### [REQUIREMENT]
The material below holds pictures; leave them out and reproduce exactly the lines from the one with "This Fine Art" through the one with "1月9日,工人在贵州省从江县贯洞镇铁皮石斛育苗基地的组培室里管护铁皮石斛苗。", inclusive.

### [DATA]
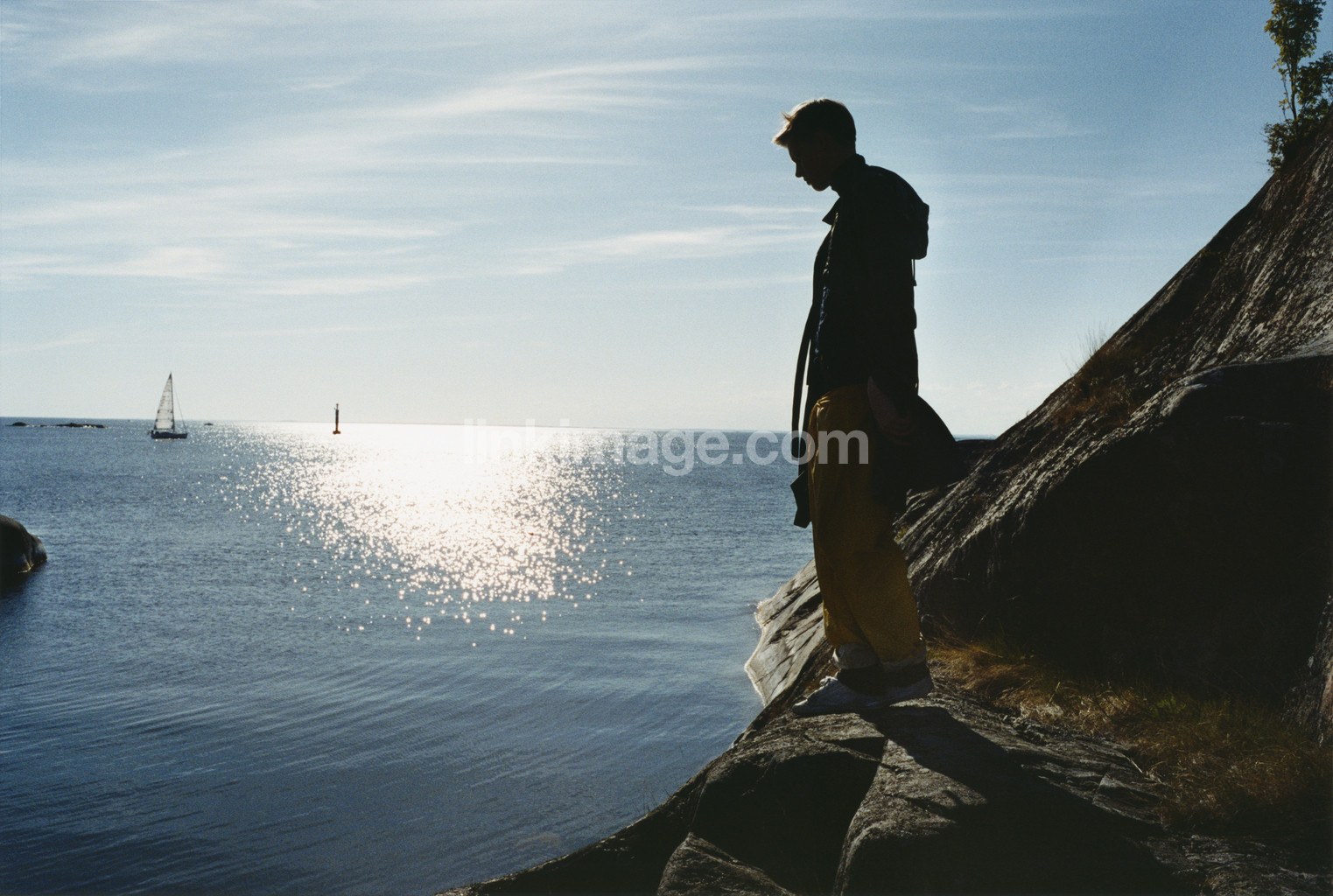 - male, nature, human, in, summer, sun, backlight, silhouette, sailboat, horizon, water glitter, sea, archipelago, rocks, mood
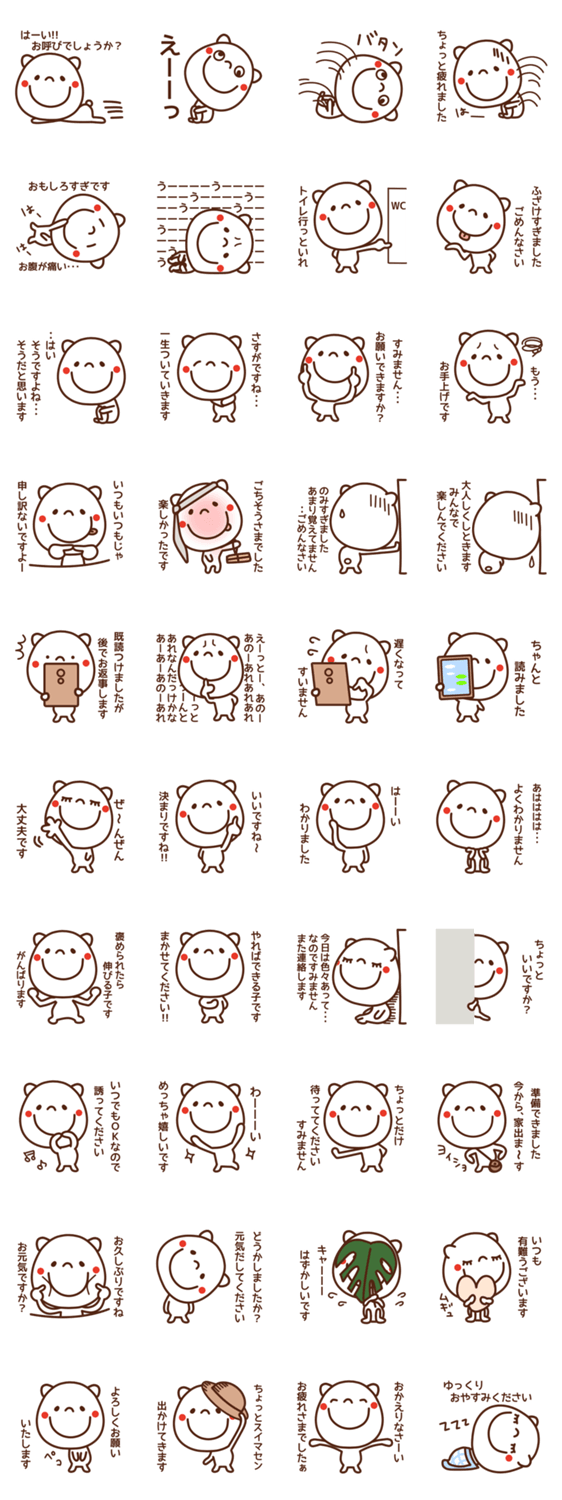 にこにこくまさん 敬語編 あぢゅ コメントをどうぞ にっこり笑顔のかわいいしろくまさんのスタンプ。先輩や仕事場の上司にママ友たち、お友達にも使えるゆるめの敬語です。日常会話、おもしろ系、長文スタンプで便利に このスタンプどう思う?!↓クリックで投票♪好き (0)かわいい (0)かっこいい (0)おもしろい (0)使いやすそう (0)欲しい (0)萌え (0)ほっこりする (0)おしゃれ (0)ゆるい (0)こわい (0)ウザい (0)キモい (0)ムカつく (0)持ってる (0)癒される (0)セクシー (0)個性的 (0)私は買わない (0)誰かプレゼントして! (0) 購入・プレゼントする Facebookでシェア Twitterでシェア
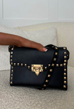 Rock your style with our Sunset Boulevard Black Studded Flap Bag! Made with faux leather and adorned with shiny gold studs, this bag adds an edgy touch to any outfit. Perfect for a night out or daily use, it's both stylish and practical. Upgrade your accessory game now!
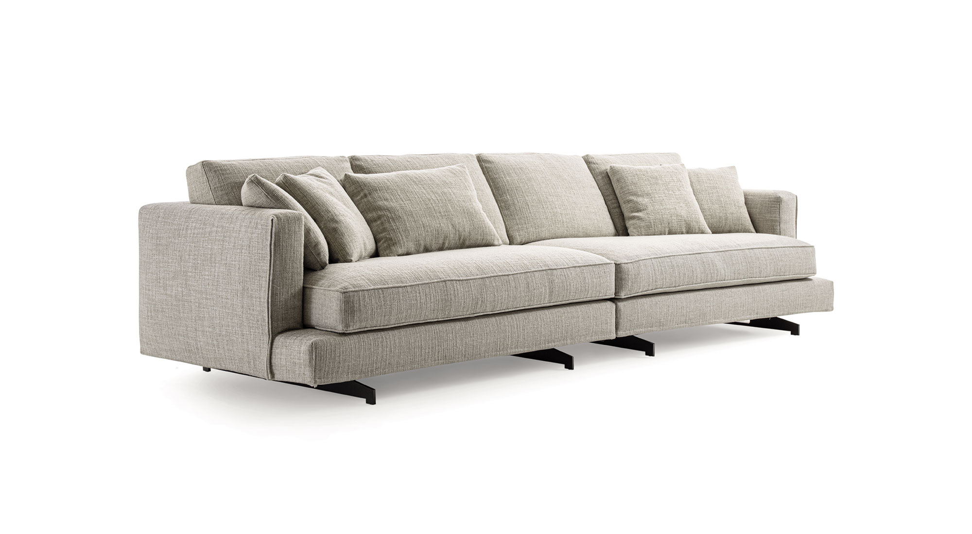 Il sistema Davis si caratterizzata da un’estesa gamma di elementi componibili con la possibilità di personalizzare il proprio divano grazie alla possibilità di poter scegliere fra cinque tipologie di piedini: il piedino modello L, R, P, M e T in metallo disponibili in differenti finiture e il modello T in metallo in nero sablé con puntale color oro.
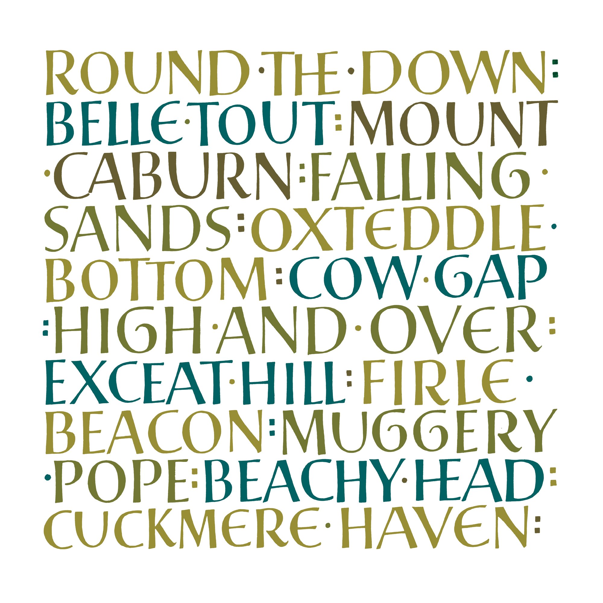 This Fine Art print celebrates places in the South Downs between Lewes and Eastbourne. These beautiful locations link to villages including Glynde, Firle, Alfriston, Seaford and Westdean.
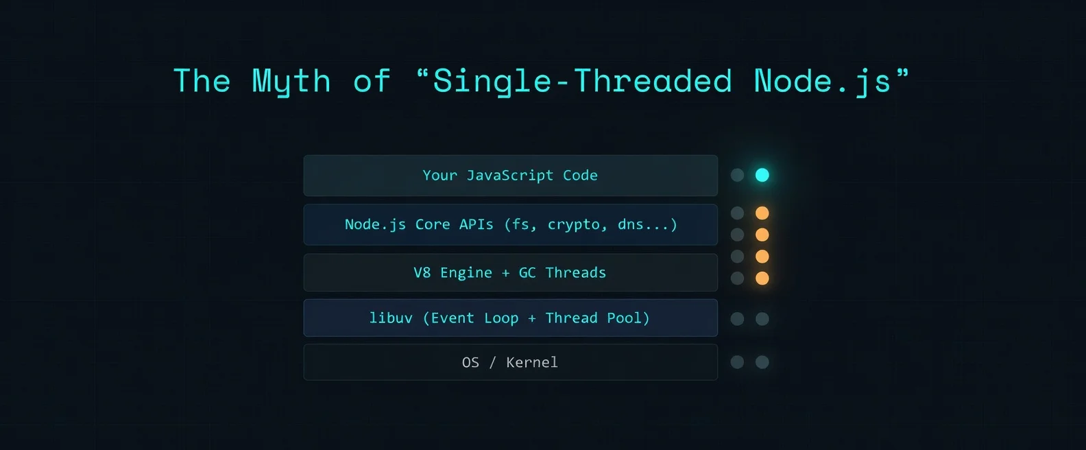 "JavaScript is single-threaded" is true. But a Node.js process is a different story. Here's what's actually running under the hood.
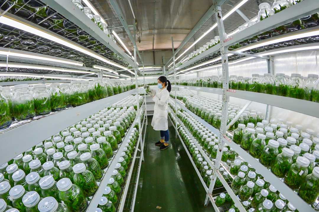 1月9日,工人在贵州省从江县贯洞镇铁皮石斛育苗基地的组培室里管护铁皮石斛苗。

--

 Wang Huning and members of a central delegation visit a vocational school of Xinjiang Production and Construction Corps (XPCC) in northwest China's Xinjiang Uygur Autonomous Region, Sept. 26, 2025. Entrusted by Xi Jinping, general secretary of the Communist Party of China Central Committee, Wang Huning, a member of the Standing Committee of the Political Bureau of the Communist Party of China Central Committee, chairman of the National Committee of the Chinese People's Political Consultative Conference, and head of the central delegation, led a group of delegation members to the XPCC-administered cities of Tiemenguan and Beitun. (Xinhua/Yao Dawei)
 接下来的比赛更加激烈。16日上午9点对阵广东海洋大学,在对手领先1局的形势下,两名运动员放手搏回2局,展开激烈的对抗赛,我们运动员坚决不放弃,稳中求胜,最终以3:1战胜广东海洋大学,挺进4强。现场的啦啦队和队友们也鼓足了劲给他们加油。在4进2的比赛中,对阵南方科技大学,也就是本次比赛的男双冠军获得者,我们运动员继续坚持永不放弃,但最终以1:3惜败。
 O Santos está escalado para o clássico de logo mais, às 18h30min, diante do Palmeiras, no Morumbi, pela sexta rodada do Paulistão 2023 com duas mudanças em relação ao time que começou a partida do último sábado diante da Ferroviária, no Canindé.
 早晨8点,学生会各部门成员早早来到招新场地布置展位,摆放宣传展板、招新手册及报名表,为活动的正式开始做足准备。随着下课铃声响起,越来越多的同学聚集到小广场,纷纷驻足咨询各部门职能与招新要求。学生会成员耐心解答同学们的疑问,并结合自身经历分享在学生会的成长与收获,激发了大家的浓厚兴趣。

### [OUTPUT FOR THIS EXERCISE]
 This Fine Art print celebrates places in the South Downs between Lewes and Eastbourne. These beautiful locations link to villages including Glynde, Firle, Alfriston, Seaford and Westdean.
 "JavaScript is single-threaded" is true. But a Node.js process is a different story. Here's what's actually running under the hood.
 1月9日,工人在贵州省从江县贯洞镇铁皮石斛育苗基地的组培室里管护铁皮石斛苗。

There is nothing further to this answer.